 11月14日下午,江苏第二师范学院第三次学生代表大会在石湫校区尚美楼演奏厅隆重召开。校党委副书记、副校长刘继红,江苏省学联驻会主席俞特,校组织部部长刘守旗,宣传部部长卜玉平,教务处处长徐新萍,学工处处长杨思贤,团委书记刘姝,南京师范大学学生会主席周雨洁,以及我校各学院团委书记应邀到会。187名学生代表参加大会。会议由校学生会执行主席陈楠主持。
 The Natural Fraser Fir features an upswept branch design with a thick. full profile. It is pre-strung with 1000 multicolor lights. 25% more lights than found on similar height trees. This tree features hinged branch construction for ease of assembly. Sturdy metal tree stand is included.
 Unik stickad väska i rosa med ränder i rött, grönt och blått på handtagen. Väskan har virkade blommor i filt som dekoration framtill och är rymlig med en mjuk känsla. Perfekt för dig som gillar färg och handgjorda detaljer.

□ □ □ □ □ □ □

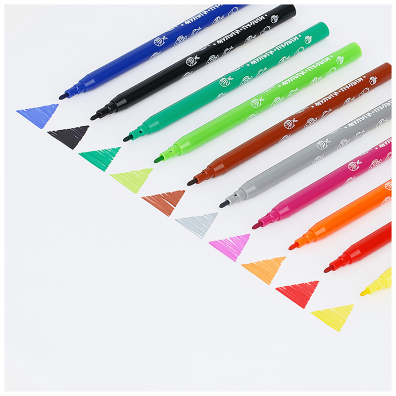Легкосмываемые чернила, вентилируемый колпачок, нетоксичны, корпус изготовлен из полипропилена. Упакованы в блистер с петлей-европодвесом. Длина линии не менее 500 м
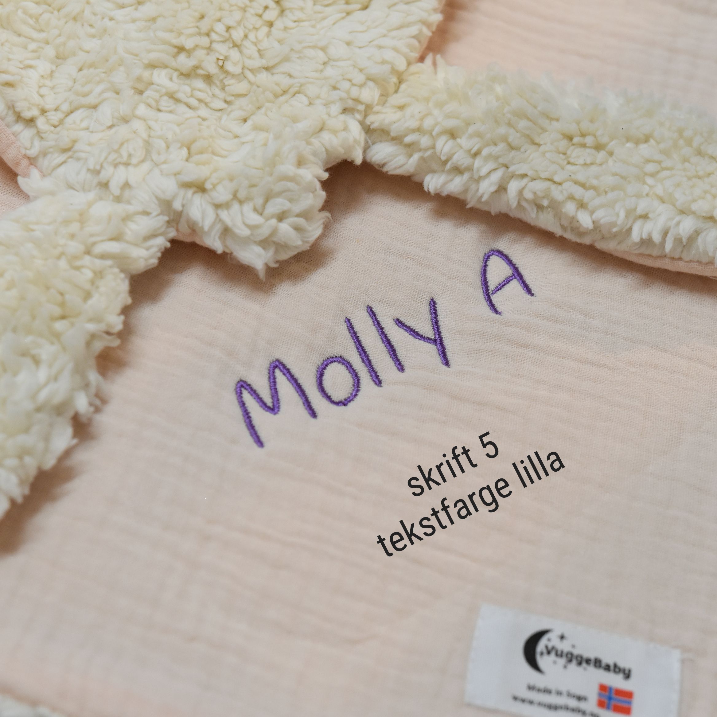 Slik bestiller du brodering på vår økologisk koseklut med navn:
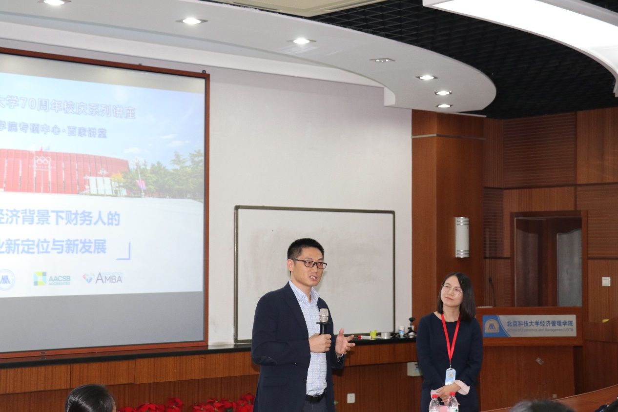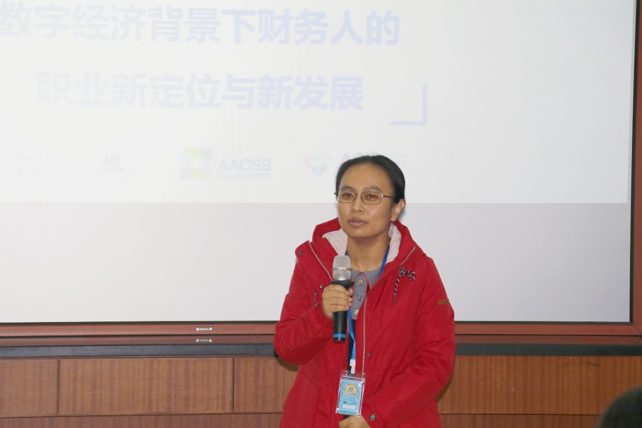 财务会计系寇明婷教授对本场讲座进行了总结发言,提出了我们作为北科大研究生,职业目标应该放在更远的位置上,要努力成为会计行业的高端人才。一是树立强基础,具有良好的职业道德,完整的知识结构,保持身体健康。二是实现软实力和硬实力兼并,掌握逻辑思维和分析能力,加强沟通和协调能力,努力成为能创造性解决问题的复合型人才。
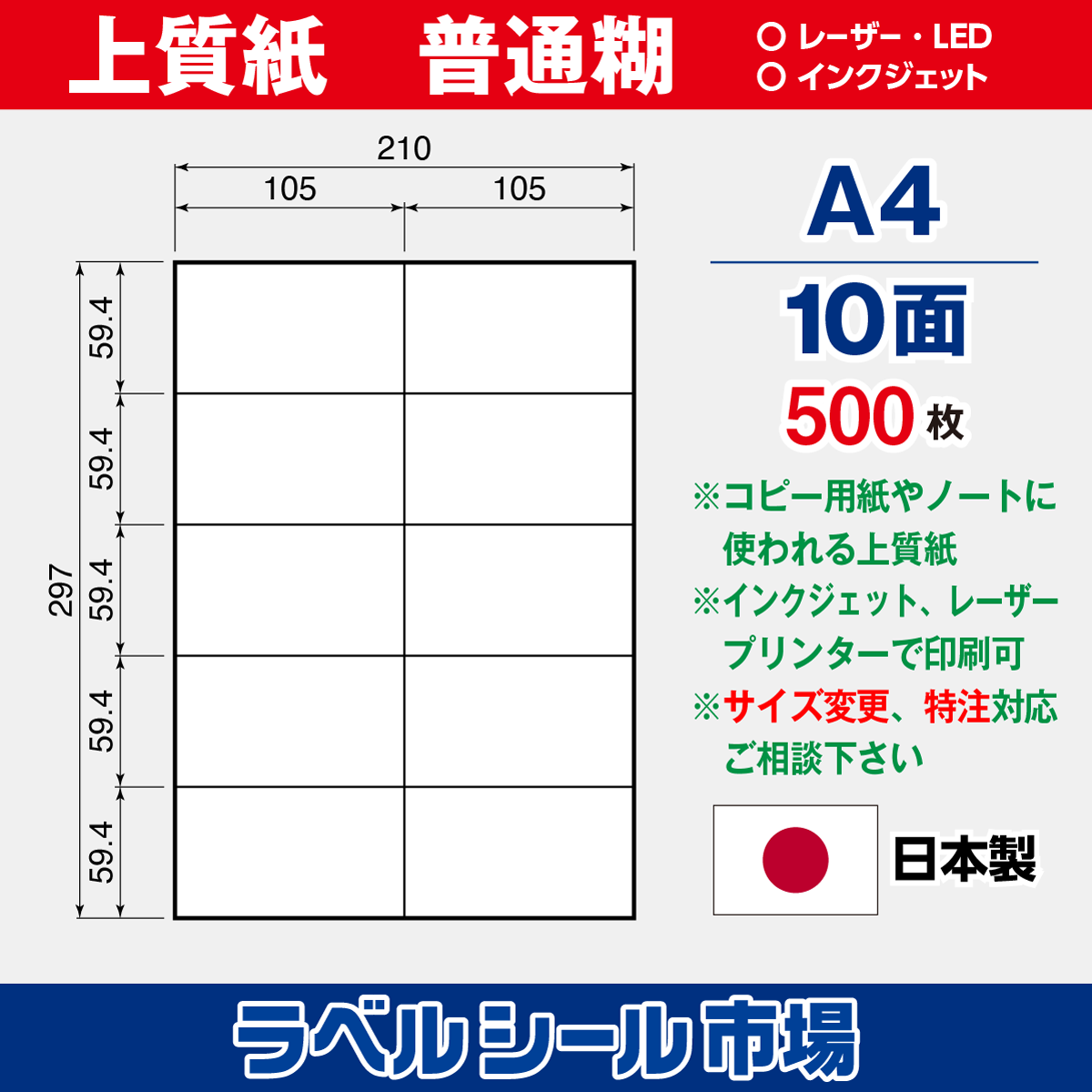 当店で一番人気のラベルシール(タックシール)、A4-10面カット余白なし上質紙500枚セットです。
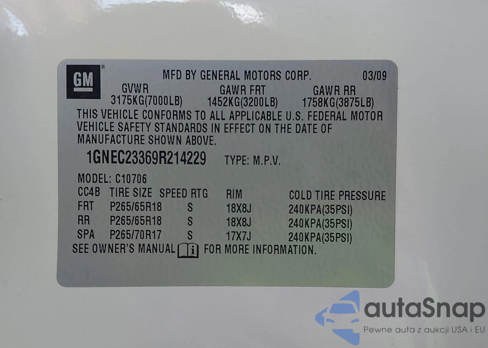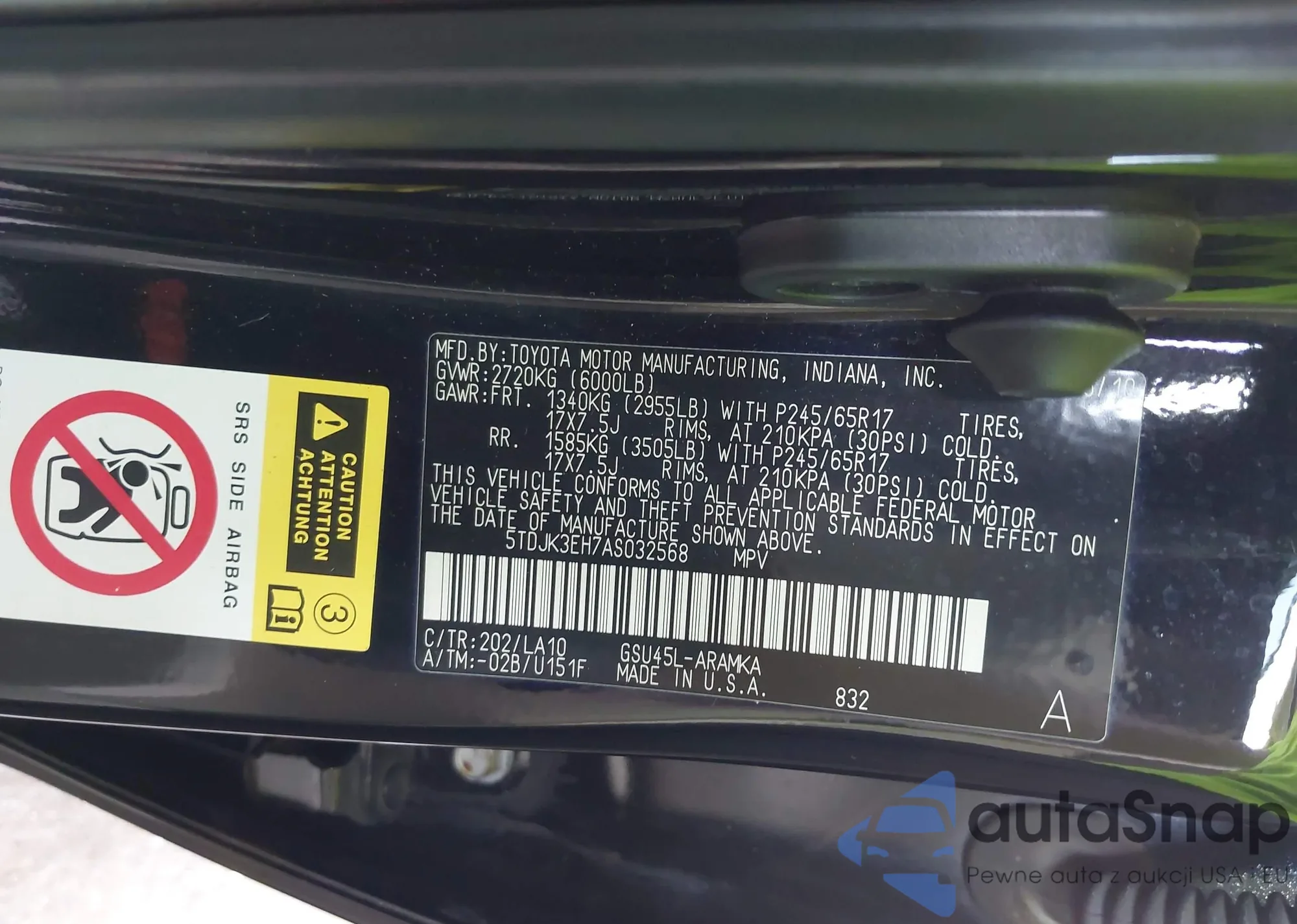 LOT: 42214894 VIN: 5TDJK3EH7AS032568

□ □ □ □ □ □ □

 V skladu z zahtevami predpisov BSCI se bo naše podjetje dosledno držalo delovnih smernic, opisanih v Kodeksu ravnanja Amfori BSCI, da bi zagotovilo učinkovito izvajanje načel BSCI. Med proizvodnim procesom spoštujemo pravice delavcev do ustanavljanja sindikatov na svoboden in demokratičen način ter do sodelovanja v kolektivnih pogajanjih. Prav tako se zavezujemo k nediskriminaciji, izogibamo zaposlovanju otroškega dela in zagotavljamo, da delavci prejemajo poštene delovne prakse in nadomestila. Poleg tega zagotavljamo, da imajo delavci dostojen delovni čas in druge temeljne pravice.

□ □ □ □ □ □ □

Would you restate, exactly and with no pictures, the lines of the entries above from the one containing "当店で一番人気のラベルシール" through the one containing "LOT: 42214894 VIN: 5TDJK3EH7AS032568"?

 当店で一番人気のラベルシール(タックシール)、A4-10面カット余白なし上質紙500枚セットです。
 LOT: 42214894 VIN: 5TDJK3EH7AS032568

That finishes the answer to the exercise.